> [THE PROBLEM]: Please repeat word for word the line containing "بمناسبة اليوم العالمي" and every following line up to and including the last one below, pictures excluded.
□ □ □ □
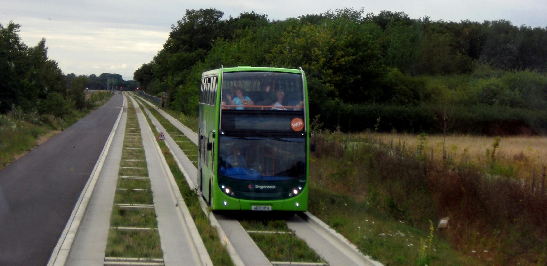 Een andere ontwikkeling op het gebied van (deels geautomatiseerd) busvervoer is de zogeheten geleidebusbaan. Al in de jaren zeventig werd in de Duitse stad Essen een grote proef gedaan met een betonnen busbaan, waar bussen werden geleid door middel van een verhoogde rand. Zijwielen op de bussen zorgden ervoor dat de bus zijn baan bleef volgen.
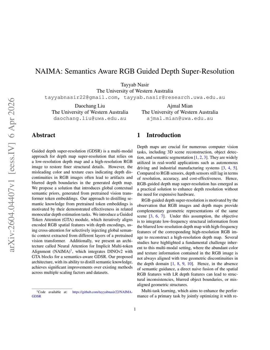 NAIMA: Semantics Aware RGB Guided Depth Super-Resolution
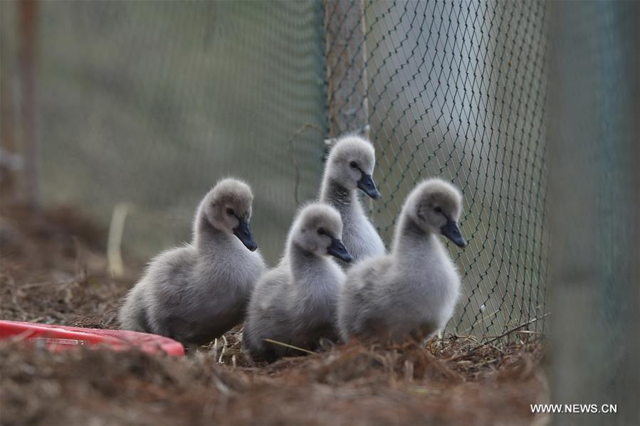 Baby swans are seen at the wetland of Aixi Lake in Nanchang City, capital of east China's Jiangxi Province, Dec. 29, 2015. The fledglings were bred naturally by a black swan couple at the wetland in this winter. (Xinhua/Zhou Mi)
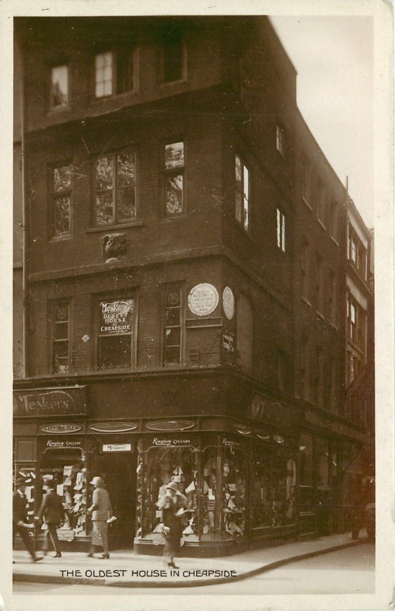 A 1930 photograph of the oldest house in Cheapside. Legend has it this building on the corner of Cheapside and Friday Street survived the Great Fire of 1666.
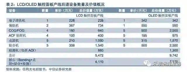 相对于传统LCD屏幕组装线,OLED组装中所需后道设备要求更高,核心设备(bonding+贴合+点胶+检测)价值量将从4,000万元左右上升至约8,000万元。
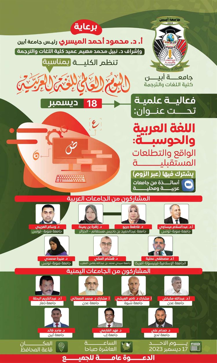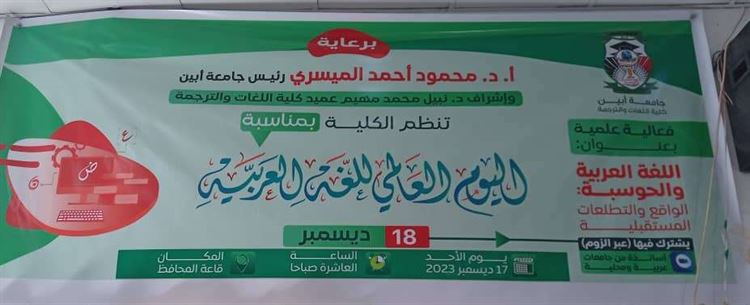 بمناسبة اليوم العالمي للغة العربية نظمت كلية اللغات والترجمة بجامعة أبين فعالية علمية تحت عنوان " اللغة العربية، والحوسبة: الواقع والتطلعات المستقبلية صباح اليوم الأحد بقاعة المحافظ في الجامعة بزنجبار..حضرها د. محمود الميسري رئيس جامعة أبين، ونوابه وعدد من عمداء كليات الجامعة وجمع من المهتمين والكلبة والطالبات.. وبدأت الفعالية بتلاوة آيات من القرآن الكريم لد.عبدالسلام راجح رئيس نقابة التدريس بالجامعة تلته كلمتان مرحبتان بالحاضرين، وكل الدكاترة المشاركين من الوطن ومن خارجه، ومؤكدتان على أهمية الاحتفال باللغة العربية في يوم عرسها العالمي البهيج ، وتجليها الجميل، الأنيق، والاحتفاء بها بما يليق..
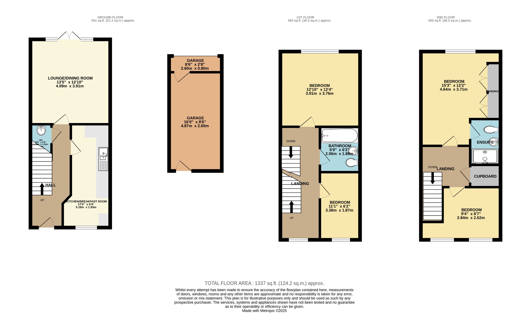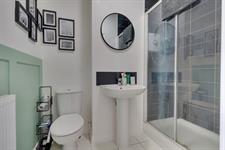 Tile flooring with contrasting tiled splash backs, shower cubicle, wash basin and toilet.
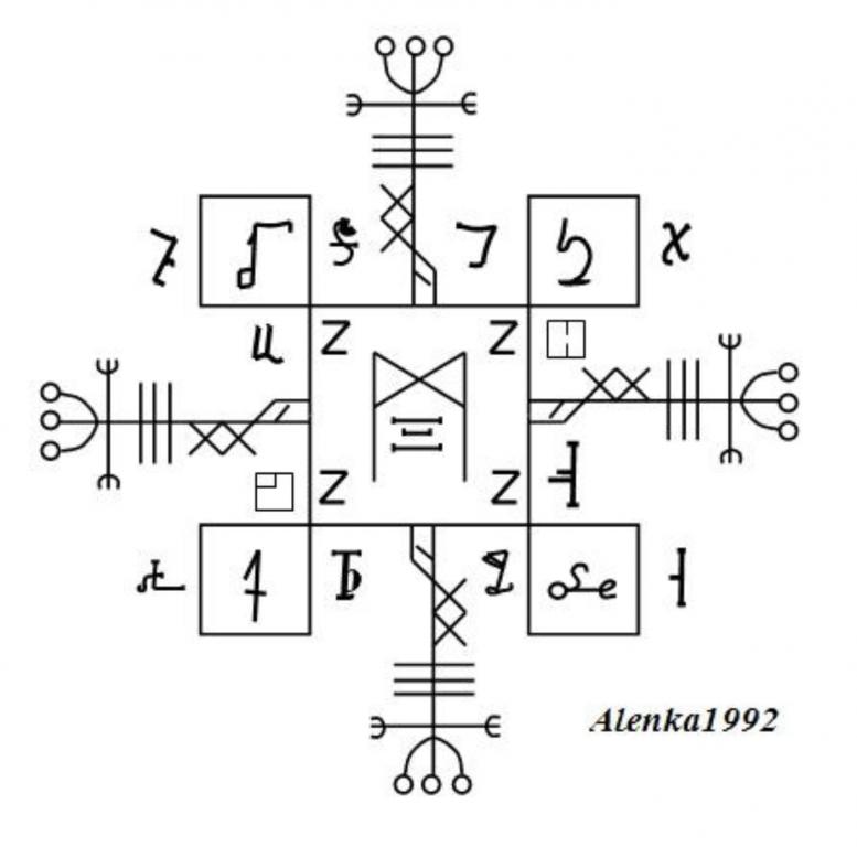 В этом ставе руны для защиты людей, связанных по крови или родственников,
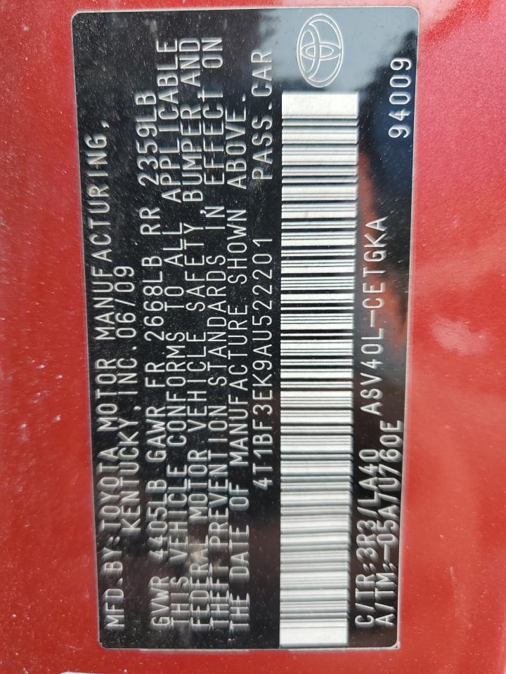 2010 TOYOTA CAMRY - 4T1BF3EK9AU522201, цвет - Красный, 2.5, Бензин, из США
□ □ □ □
> [EXERCISE SOLUTION]:
 بمناسبة اليوم العالمي للغة العربية نظمت كلية اللغات والترجمة بجامعة أبين فعالية علمية تحت عنوان " اللغة العربية، والحوسبة: الواقع والتطلعات المستقبلية صباح اليوم الأحد بقاعة المحافظ في الجامعة بزنجبار..حضرها د. محمود الميسري رئيس جامعة أبين، ونوابه وعدد من عمداء كليات الجامعة وجمع من المهتمين والكلبة والطالبات.. وبدأت الفعالية بتلاوة آيات من القرآن الكريم لد.عبدالسلام راجح رئيس نقابة التدريس بالجامعة تلته كلمتان مرحبتان بالحاضرين، وكل الدكاترة المشاركين من الوطن ومن خارجه، ومؤكدتان على أهمية الاحتفال باللغة العربية في يوم عرسها العالمي البهيج ، وتجليها الجميل، الأنيق، والاحتفاء بها بما يليق..
 Tile flooring with contrasting tiled splash backs, shower cubicle, wash basin and toilet.
 В этом ставе руны для защиты людей, связанных по крови или родственников,
 2010 TOYOTA CAMRY - 4T1BF3EK9AU522201, цвет - Красный, 2.5, Бензин, из США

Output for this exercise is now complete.